### DATASET SECTION:
——

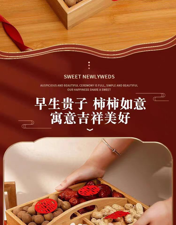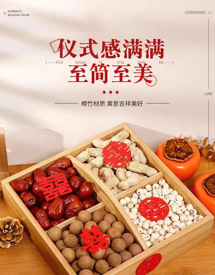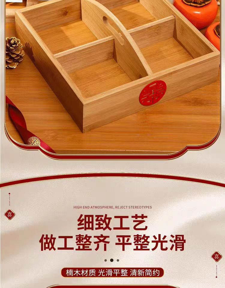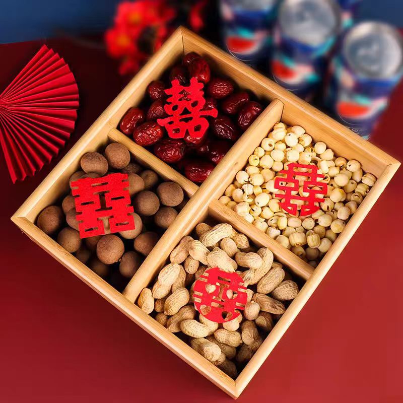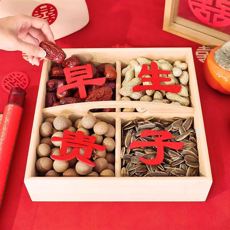 婚約結婚早生貴子乾果箱果物皿置物実木四宮格手提げ式デスクトップ収納キャンディー箱
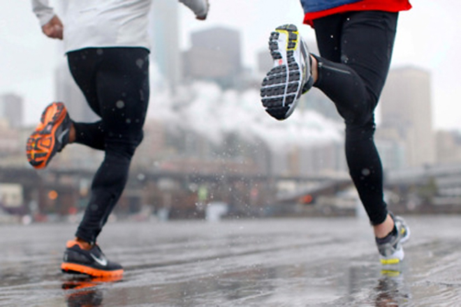 跑者最重要的装备当然是跑鞋,有些跑鞋在灌水后会特别沉,所以雨天跑步推荐使用铁人三项专用跑步鞋,一般铁三跑鞋会在鞋底设计排水槽,用在雨天训练可以较好的解决跑鞋的大问题。另外选择穿件防雨的风衣,如果天气闷热穿件快干的T恤或背心。最重要是保护视线,为了防止雨水直接打在眼里,一顶宽沿的太阳帽是个好帮手。
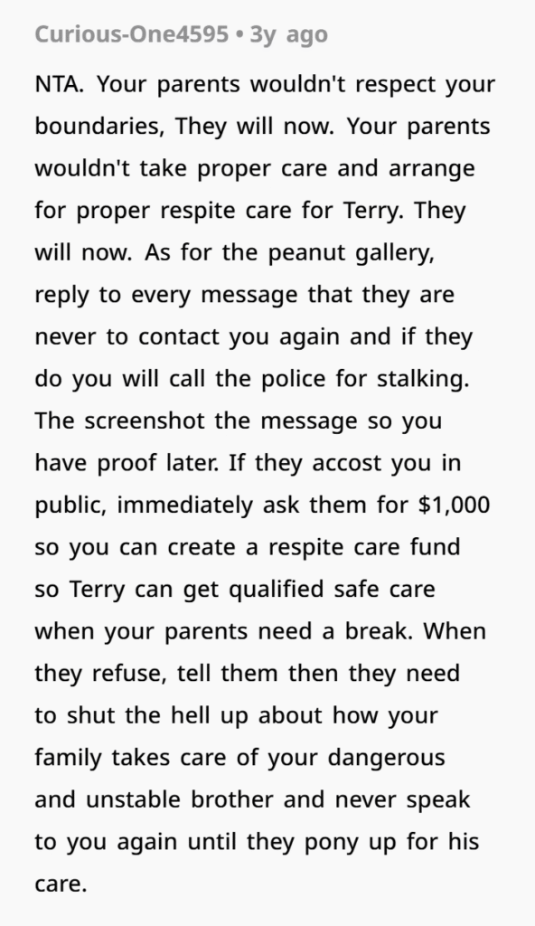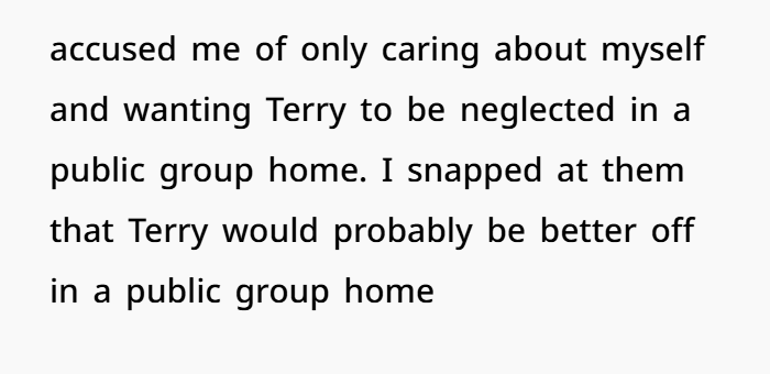 - “Now he might end up in a group‑home you don’t like.”: That’s possible, but that outcome is on your parents for not arranging care. The worst scenario would have been you burning out, things going really wrong for you and for Terry because of lack of supports. The goal is for Terry to have consistent, safe, appropriate care. If that ends up being a group home, that might be better than being shuffled between unwilling hosts.

——

### WORK TO BE COMPLETED:
Leave the images out and transcribe the remaining data above word for word.

### TASK RESULT:
 婚約結婚早生貴子乾果箱果物皿置物実木四宮格手提げ式デスクトップ収納キャンディー箱
 跑者最重要的装备当然是跑鞋,有些跑鞋在灌水后会特别沉,所以雨天跑步推荐使用铁人三项专用跑步鞋,一般铁三跑鞋会在鞋底设计排水槽,用在雨天训练可以较好的解决跑鞋的大问题。另外选择穿件防雨的风衣,如果天气闷热穿件快干的T恤或背心。最重要是保护视线,为了防止雨水直接打在眼里,一顶宽沿的太阳帽是个好帮手。
 - “Now he might end up in a group‑home you don’t like.”: That’s possible, but that outcome is on your parents for not arranging care. The worst scenario would have been you burning out, things going really wrong for you and for Terry because of lack of supports. The goal is for Terry to have consistent, safe, appropriate care. If that ends up being a group home, that might be better than being shuffled between unwilling hosts.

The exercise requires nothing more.